Спускаются по лестнице, Хасанов кивает знакомым, кому-то одалживает сигарету. Погода прекрасная, запущенный давным-давно газон перед корпусом университета щеголяет всходами свежей травки. Середина весны.

- Да какая разница, - говорит Ислам. - Всё здесь кому-то принадлежит. Мусорка - вон той бродячей собаке, ты - папе с мамой, и все мы, вместе с шавкой, - Аллаху.

- Ну, главное, ты подарил немного счастья ребёнку, - признаёт Наташа. - Молодец. Но потом, когда придётся свести всё это к шутке, ему может стать ещё хуже.

- Я не хочу никуда это сводить, - Хасанов трясёт головой. - Мне нравится всё, как есть.

- Это же несерьёзно.

В голосе Натальи обвиняющие нотки. Ислам пытается убежать от её взгляда, прячет руки в карманы, жалея, что не может спрятаться туда сам, целиком. Пахнет горелой проводкой, и ему кажется, что что-то вдруг замкнуло в его подруге.

- Пусть будет несерьёзно. Мы все такие серьёзные, планируем что-то, пытаемся заглянуть на несколько дней вперёд… Эти планы всё портят. Ты распланировал, а на следующий день всё идёт наперекосяк.

Наташа говорит с претензией:

- Так обычно и бывает. Жизнь такая.

- Жизнь такая? - Ислам собирает в карманах крохи отваги, встречает её взгляд надменной улыбкой. - Что за банальность.

- Банальность?

- Представь, если бы время текло неравномерно, - Ислам заводится, словно мотоцикл, прёт с возом спасительных слов вперёд, не давая ей вставить и слова. - То ползёт, вон, как машины в пробке, то вдруг стреляет. Бам! (Наташа вздрагивает). Все планы псу под хвост. Запланировал ты назавтра сходить к стоматологу - бац! (вздрагивает ещё раз и едва не роняет с плеча сумку) - попил чайку с лимоном, уже послезавтра. Никаких тебе расписаний, никакой стабильности, всё - когда взбрело в голову и когда получилось. Каково, а?

- И откуда в тебе столько бредовых фантазий?

Хасанов молчит, Наташа тоже. Обнимает себя за плечи, лицо задумчивое, растерянное. Неохотно признаёт:

- Было бы занятно, конечно. Местами даже неплохо. Все бы жили моментом, а не… не той жопой, которой живут сейчас.

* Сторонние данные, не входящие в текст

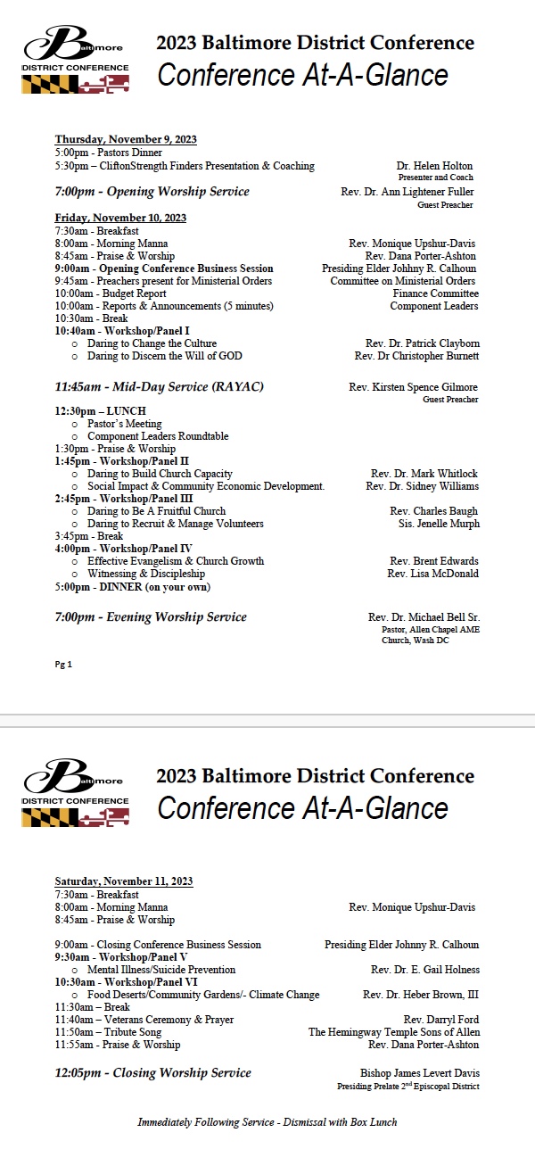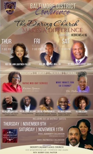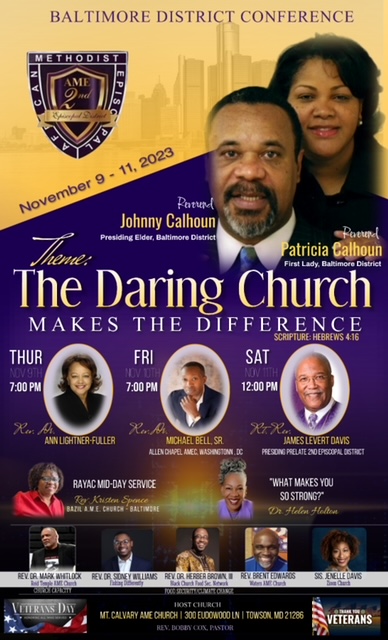 The Presiding Elder and I are excited about this year's District Conference at Mount Calvary. We trust that it will be uplifting and impactful. As well as, full of information and inspiration.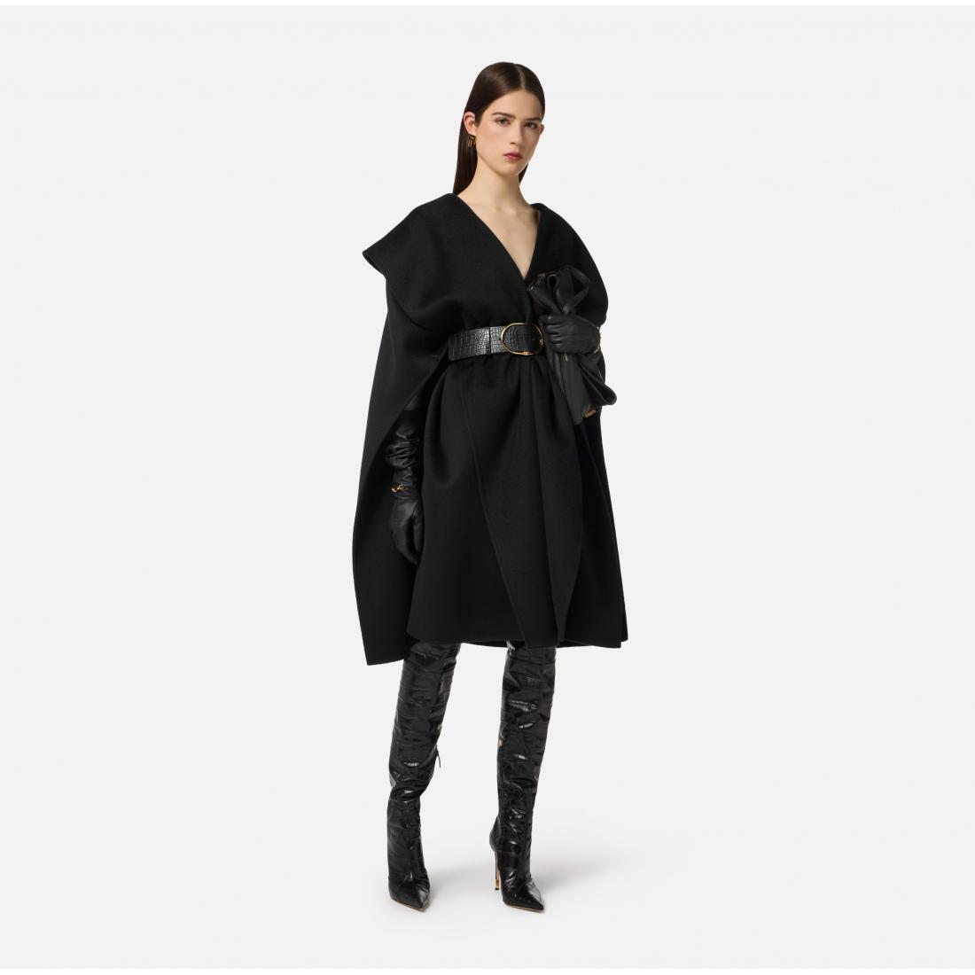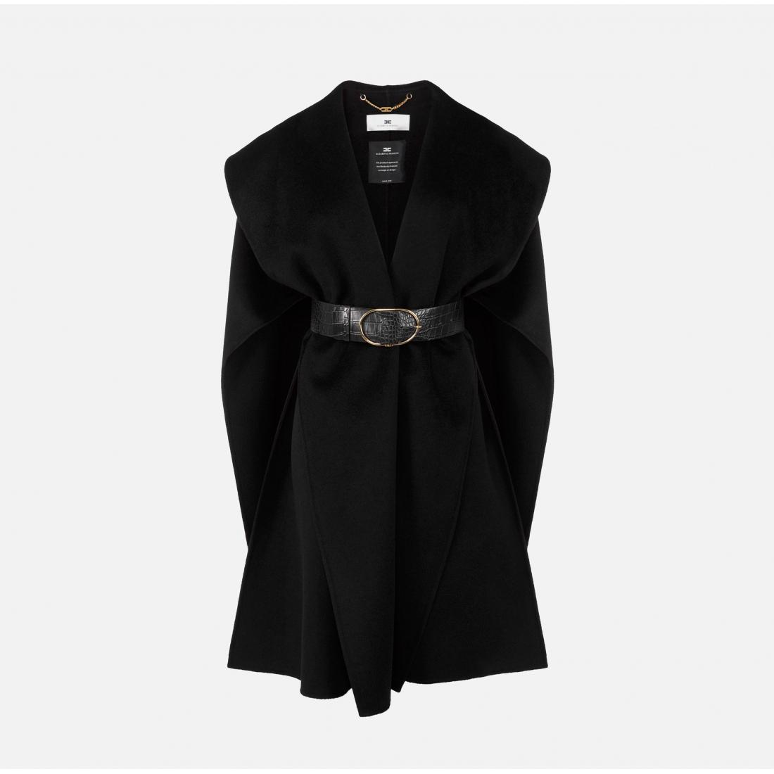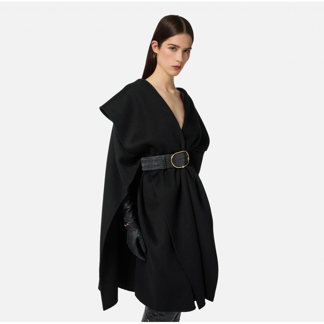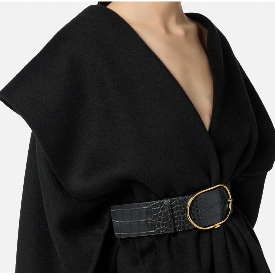 Mantella in panno di lana double sfoderata e dalla vestibilità over. I volumi avvolgenti sono definiti dalla cintura alta e in tono, con texture a stampa cocco che aggiunge carattere e completa di fibbia ad ardiglione con logo in metallo dorato.

Ислам вращает на пальце брелок с ключами.

- Значит, время нужно отменять. Займусь этим, как только покурю.

- Как так?

Вскидывает на него глаза.

- Очень просто, - хитро щурится Ислам. - Запрещу в нашем с Яно государстве. Нет, я, конечно, поговорю с ним сначала, но, думаю, он не будет против.

- Ты шулер.

Она хочет в чём-то обвинить Ислама, и повод - вот он, перед глазами, значительнее, чем совпадающие отпечатки пальцев на орудие убийства, и в доме молчаливого садовника, живущего неподалёку в детективах Агаты Кристи. Но что-то всё равно не сходится.

- Как ты на всё это решился, я не могу понять. Объясни мне. Пожалуйста.

- Ты же сама ходишь налево.

- Что?!

- Тебя нельзя назвать законопослушной гражданкой. Чёрт, да мы все здесь вместе взятые законопослушнее, чем ты. Не устраиваем флешмобов в чебурашковых шубах, не расписываем под хохлому чужие машины… Не знаем и не можем объяснить на пальцах, что же не так в нашей прекрасной стране. Разве что посетовать, что такой-то опять поднял тарифы на трояк в зачётке напротив своего предмета. И ты говоришь мне, что я шулер, только из-за каких-то махинаций со временем?